Без навязчивых длиннот и повторений я не могла бы описать, каких трудов стоило мне, предаваясь занятиям, которые отвлекали меня и нарушали мой душевный покой, так стараться, чтобы сердце мое оставалось открыто воздействию незримого существа, и как тягостно было убедиться, что таким путем не разрешить внутренней распри. Ибо стоило мне облечься в мишуру суетности, как дело не ограничивалось наружной маской, — нет, глупость тотчас же пропитывала всю меня насквозь.

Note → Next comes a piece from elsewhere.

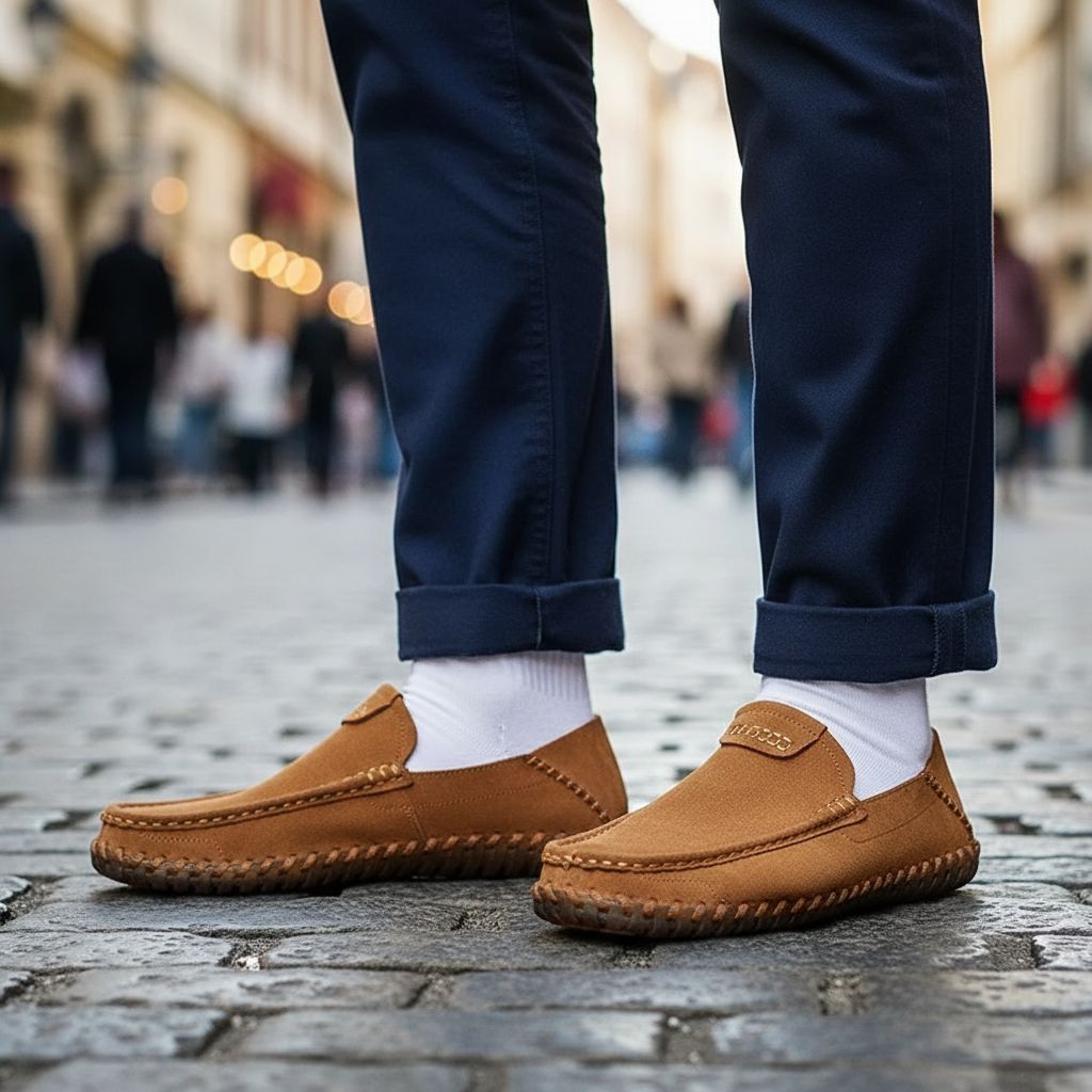 Designed with soft suede and detailed hand stitching, these loafers offer a comfortable, broken-in feel from the first step. The lightweight design and cushioned insole keep every stride effortless.

Да будет мне позволено преступить здесь закон последовательного повествования и высказать кое-какие наблюдения над тем, что совершалось во мне. Что же настолько изменило мой вкус и образ мыслей, чтобы на двадцать втором году жизни и даже ранее того я перестала находить радость в забавах, которыми невинным образом наслаждаются люди этого возраста? Почему они уже не казались мне невинными? Могу сразу же дать ответ: потому что для меня они и не были невинными, потому что я, в отличие от моих сверстников, успела познать свою душу. Да, на опыте, который приобрела, не ища его, убедилась я, что существуют более высокие чувствования, дарующие подлинную усладу, которую тщетно искать в пустых увеселениях, и что в этих высших радостях таятся сокровища силы, придающие крепость в беде.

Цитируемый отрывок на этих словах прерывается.